6728 Sayılı Kanun Uyarınca 5941 Sayılı Çek Kanunu’nda Yapılan Değişiklikler

Oct 09, 2017

6728 Sayılı Yatırım Ortamının İyileştirilmesi Amacıyla Bazı Kanunlarda Değişiklik Yapılmasına Dair Kanun 09/08/2016 tarihinde Resmi Gazete’de yayımlanmıştır. Bu kanun çerçevesinde yapılan değişiklikler aşağıda detaylı olarak açıklanmıştır;

İşbu kanunun 2. Maddesi ile T.T.K. 780. Maddesinin 1. Fıkrasında belirtilen çekin unsurlarına (‘çek’ ibaresi, kayıtsız-şartsız havale, ödeyecek kişinin/muhattabın ticari ünvanı, çekin düzenleme yeri, tarihi, düzenleyenin imzası) Banka tarafından verilen seri numarası ve Karekodu unsurları eklenmiştir. İlgili maddeye yapılan getirilen ek fıkra ile, bahse konu karekod okutma ve bilgi paylaşım sisteminin Türkiye Bankalar Birliği Risk Merkezi tarafından oluşturulacağı da hüküm altına alınmıştır. “Karekod” uygulaması ile çekin daha güvenilir bir ödeme vasıtası haline getirilmesi ve çek takibini kolaylaştırılması amaçlanmıştır. Bu sayede çekin kayıt dışı kullanımı önlenecek olup bankaların verdiği çek yapraklarının kaçının kullanıldığı kaçının halen çek sahibinin elinde olduğu kayıt altına alınarak, bu bilgileri üçüncü kişilerin paylaşımına açık olacaktır. Bu takip sisteminin işlemesi için lehtarın aldığı çeki sisteme kaydetmesi gerekecektir. Sisteme kayıt yaptırmamak çekin geçerliliğini etkilemeyecek, fakat lehdar işbu kaydı yapmaz ise bankanın karşılıksız çıkan çeklere karşılık ödemekle sorumlu olduğu belirli tutardaki paradan mahrum kalacaktır.

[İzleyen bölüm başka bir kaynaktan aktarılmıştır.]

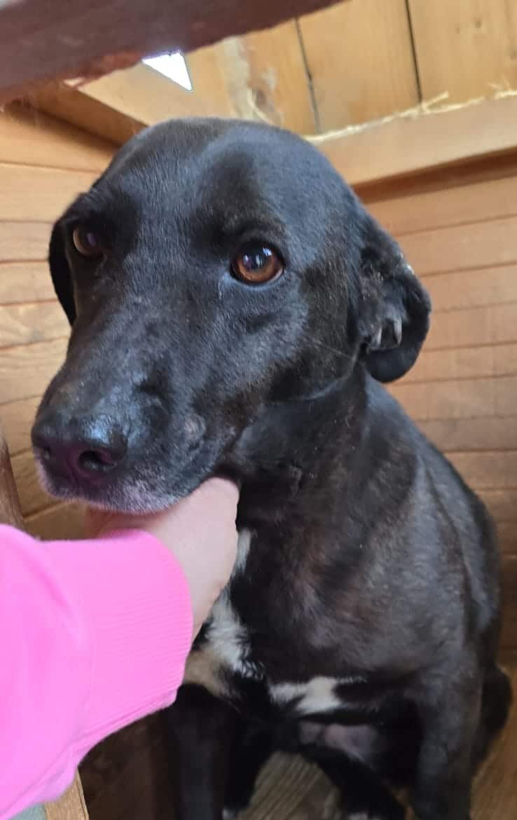 Die nette ESJE hätten wir fast übersehen, denn sie lag alleine und zurückgezogen in einer Hütte. Als wir uns ihr zuwandten, wedelte sie ganz zart mit ihrem Schwänzchen. Wir konnten sie sofort problemlos streicheln, sie wirkte devot und ließ sich den Bauch kraulen. Wir haben dann das Hüttendach geöffnet um besser an sie ranzukommen. Hier spürte man, dass die sehr liebe Hündin leicht verunsichert war, aber sie blieb durchweg nett zu uns und ließ sich gut streicheln. Interaktionen mit anderen Hunden konnten wir aufgrund der Auffindesituation nicht beobachten. Wir schätzen ESJE aber aufgrund ihres eher ruhig wirkenden Wesens als grundsätzlich verträglich ein.

Ayrıca bu maddenin 3. fıkrasına yapılan ek düzenleme ile başvurucuların, bankaya çek yasağı bulunmadığına dair yazılı beyan vermesinin yeterli olmayacağı, bankanın bu beyanların doğru olup olmadığının araştırılması konusunda sorumluluğunun bulunduğu belirtilmiştir. Bu doğrultuda banka, başvuruda bulunan gerçek kişi ya da tüzel kişi adına yetkilisini, Risk Merkezi Sistemine kaydederek, yine bu sistemden sorgulama yapmak ve bu sorgu sonucunu da muhafaza etmekle yükümlü olacaktır.

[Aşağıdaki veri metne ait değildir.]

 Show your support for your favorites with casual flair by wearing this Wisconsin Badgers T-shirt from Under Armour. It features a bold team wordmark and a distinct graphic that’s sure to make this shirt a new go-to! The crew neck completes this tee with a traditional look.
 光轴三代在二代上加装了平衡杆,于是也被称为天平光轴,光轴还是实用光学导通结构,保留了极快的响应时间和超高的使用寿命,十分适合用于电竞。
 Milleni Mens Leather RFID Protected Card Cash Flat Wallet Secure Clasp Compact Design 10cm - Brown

İlgili kanun ile gelen bir başka güvence diyebileceğiz düzenleme ise, tüzel kişilerde, temsilci değişse de, tüzel kişinin çekten sorumlu olacağına ilişkin hükümdür. Eski uygulamada, çekin düzenlenmesinden sonra fakat ibrazından önce şirket yetkilisinin yetki süresi dolduğunda, banka ve şirketler, çekin yetkisiz kişi tarafından düzenlendiği gerekçesiyle çek bedeli ödemekten kaçınmaktaydılar. İşbu düzenleme ile bu durumun önüne geçmek istenmiştir. Ancak söz konusu madde de “Karekodlu çekin sisteme kaydedildiği tarihten sonra” ifadesi yer almaktadır. Yani çek karekod sistemine kaydedilmezse ve çekin ibraz edildiği tarihte şirket yetkilisinin yetki süresi dolmuşsa, o zaman bu fıkra hükmünden faydalanılamayacaktır.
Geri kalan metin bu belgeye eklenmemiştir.